CHIAVARI, Italy – Women’s
Wear Daily, better known as WWD, is an fashion industry newspaper published in
New York City by Conde Nast, the same company that publishes W Magazine, Vogue,
Glamour, Allure, GQ and many others.
Fashion World's Bible |
WWD is part of a line
of publications of specialized journals for the fashion industry. WWD is, in
fact, the fashion world’s bible. It tracks industry trends, reports on industry
mergers, who’s getting rich, who’s going bankrupt, in short, anyone and
anything that had even the slightest wiff of fashion or design about it.

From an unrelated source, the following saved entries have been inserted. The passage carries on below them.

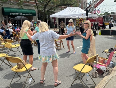 On a spectacular, sunny Sunday, hundreds of people came to enjoy the Nonantum Neighborhood Association’s thirteenth annual Village Day celebration in and around Colletti-Magni Park. Village Day is the second in the community’s three summertime events, between the annual Memorial Day parade and Festa Italiana in July. This year’s Village Day honored Susan Paley, retiring Senior Vice President of Community Relations for The Village Bank, and Joe Prestejohn, former owner of Cabot’s Ice Cream Shop. The Village Bank, located on Watertown Street, less than a block from Colletti-Magni Park, is the event’s sponsor, and its president, Joe DeVito, is a member of the Magni family.
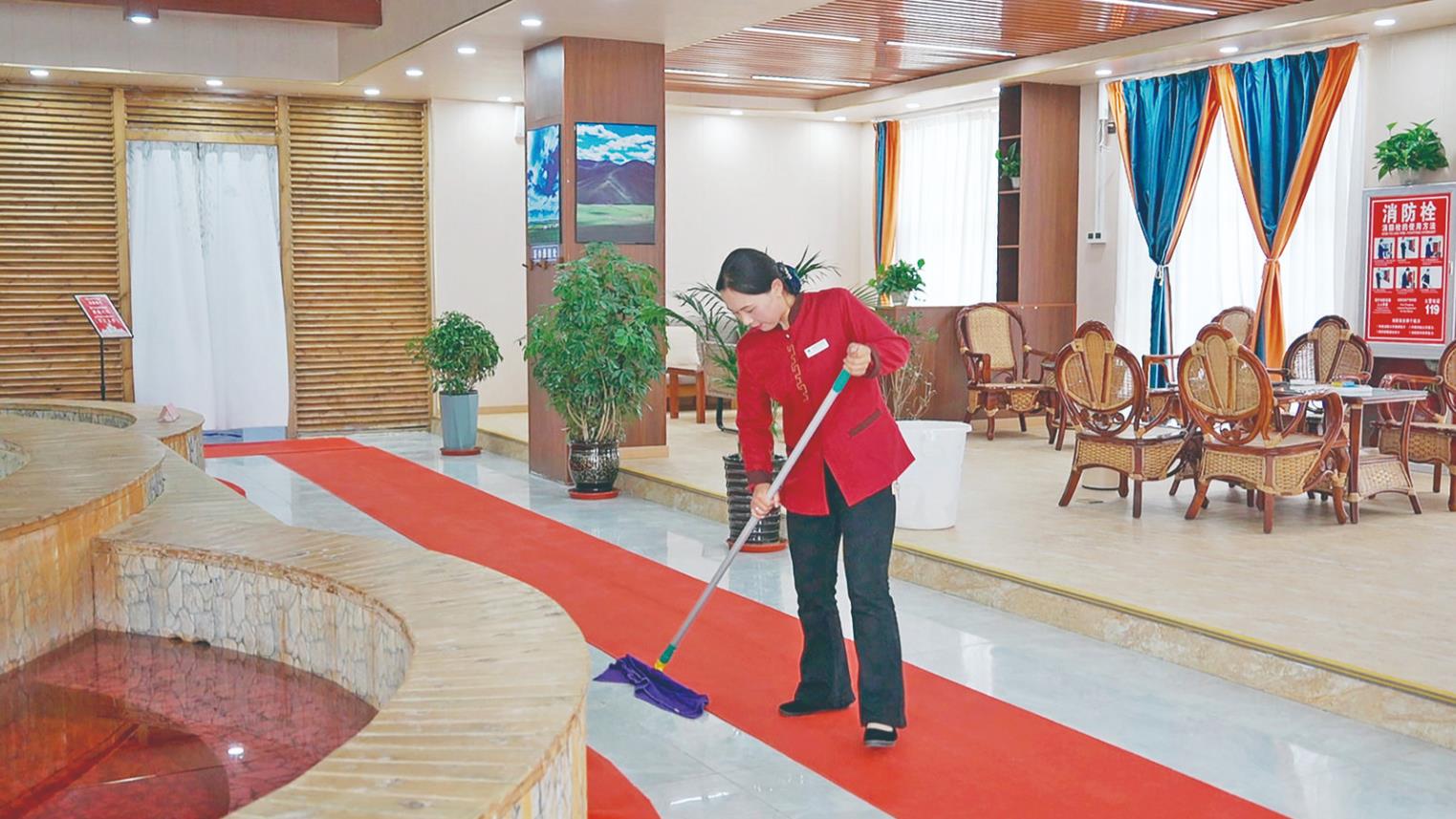 今年,通过改造后的温泉酒店拥有客房19间,还增加了餐饮项目,带动村里畜产品销售,同时带动村民增收。“现在客房还是太少,满足不了旅行社、旅游团的需求,为此,我们引导村民发展牧家乐,游客可以自由选择,体验藏族风情。”昂秀拉夫旦说。
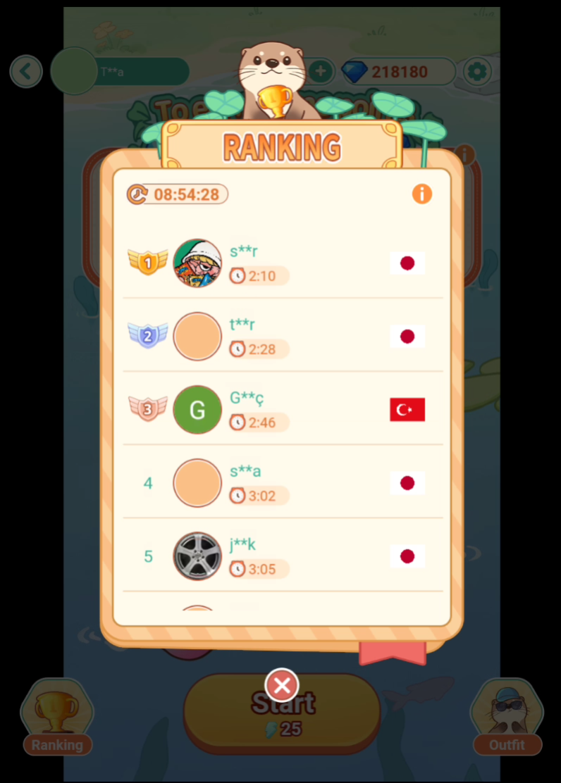 「Otter's Treasure」といい、ランキングがあると、上位争いが非常に激しくなるようです。
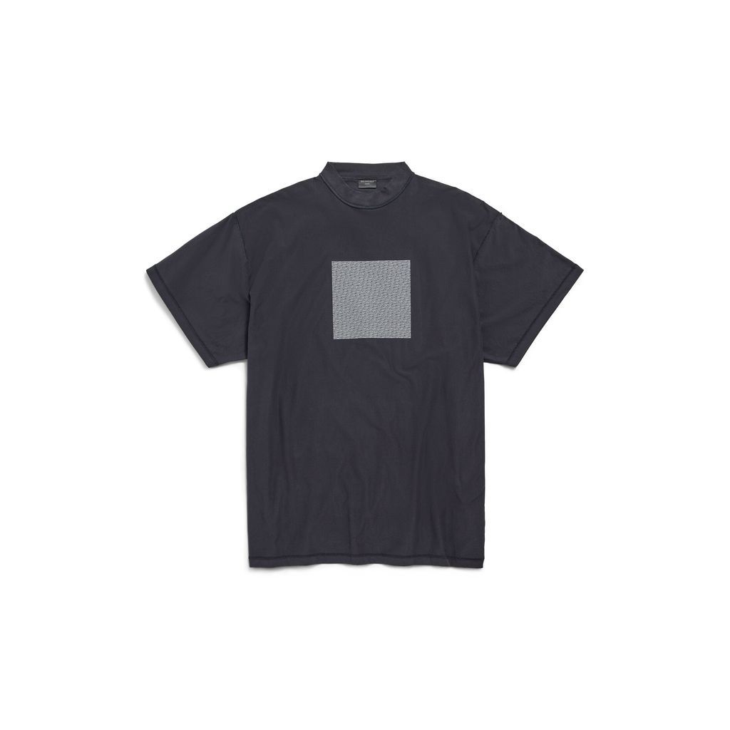 DescriptionText block inside-out t-shirt oversized in black and white vintage jersey is from look 72 of balenciaga summer 24 collection.. . This artwork features the words "if you're reading this, you're too close" in small type, without spaces or punctuation, repeated over and over in a square shape.

When I worked as a journalist for WWD in their Milan office, I covered
fashion events, industry fairs, interviewed designers and many, many public
relations directors. Fashion is big
business in Milan, and one of Italy’s largest exports.
What's What in Fashion |
Apart from the twice
a year Fashion Weeks with their headline grabbing fashion shows, there were
trade fairs for make-up, shoes and leather goods, kids clothes, women’s ready-to-wear,
emerging designers, fabrics, mens fabrics, gold and jewelry, housewares,
bathing suits, underwear, and everything in between. The only fashion event we
didn’t cover was religious fashion.
Clergy Fashion Week isn’t held in Milan, Paris or New York. It’s held in
Vicenza, a small town in northern Italy on the road between Verona and
Venice. The week long fashion fair is
held every two years and is part of a larger exhibition of furniture and
liturgical objects such as chalices and communion cups, as well as clothing.
It’s all pretty calm
compared to the spectacles the fashion houses of Milan offer during Milan’s
Fashion Week. No blaring disco music, no tall, leggy models swishing down the
runway, no cocktails and industry chit chat at the bar, but that doesn’t mean
the Italian designers like Laura Biagiotti, Fendi and Nanni Strada aren’t
represented. They, along with other top designers, invest time and creativity to dress the
clergy.
It takes a considerable amount of that old Benedictine precept , ‘ora et labora’ - time and labor, to create fabrics and designs the Vatican will
find acceptable, and do it all within a limited color palette. There’s not a lot of creative wiggle room
designing chasubles or the dalmatics needed for more solemn occassions.
Elisabetta Bianchetti, Queen of Clerical Fashion |
Just like the big fashion houses of the non-ecclesiatical fashion world,
clerical fashion starts in Milan, and the name at the top of the list is Manifatture Bianchetti.
Manifatture Bianchetti is a family run business that has been designing and
manufacturing priestly fashions since 1916. There are Bianchetti stores in all
the major Italian cities including Rome, Milan, Florence, Torino, and an
extensive distribution network which supplies parishes around the world, from
the smallest in the Philippines to the Vatican.
The stylist-designer and sole director of
the company is Elisabetta Bianchetti. She produces high
fashion exclusively for the clergy, and has very clear ideas about her
products. She never stops looking for new ideas, new approaches that can be
applied to line of religious clothing and accessories. After seeing the
abstract art of Italian artist and sculptor Lucio Fontana, she decided to try
working with antique fabrics, and out of the initiative came a miter for Pope
John Paul II. Inspiration comes in all
forms.
Variations on a Theme |
But don’t compare her to Armani or Gucci.
She’ll tell you her company is even more exclusive than those two design houses.
Bianchetti’s products are unique. There is an incredible amount of research that
goes into the delicate embroidery work found on every garment, so much so that
the famous fashion houses often ask her to produce prototypes and decorated
fabric designs.
“Designing for the
clergy has its own challenges and limitations,” she explained in a recent
interview for La Repubblica. "In addition to
the elaborate vestments needed for special occasions, priests and nuns also need
practical, comfortable clothing. They need to be immediately recognizable as
clerics, but they also need a place to put their cell phones and car keys. The
cassock worn today is based on the same design as the tunic worn in ancient
Rome under a toga, but time has moved on and while the design hasn’t changed,
needs have.”
And times have
changed as well. It may seem odd for us to think of priests buying clothes on
the internet but internet sales have become an integral part of Bianchetti’s
operation. It allows parish priests an opportunity to see the latest in
clerical fashion and purchase what they need with the click of a mouse. Of
course if the client is a bishop or the Pope, Elizabetta and her team are
always happy to make a trip to Rome.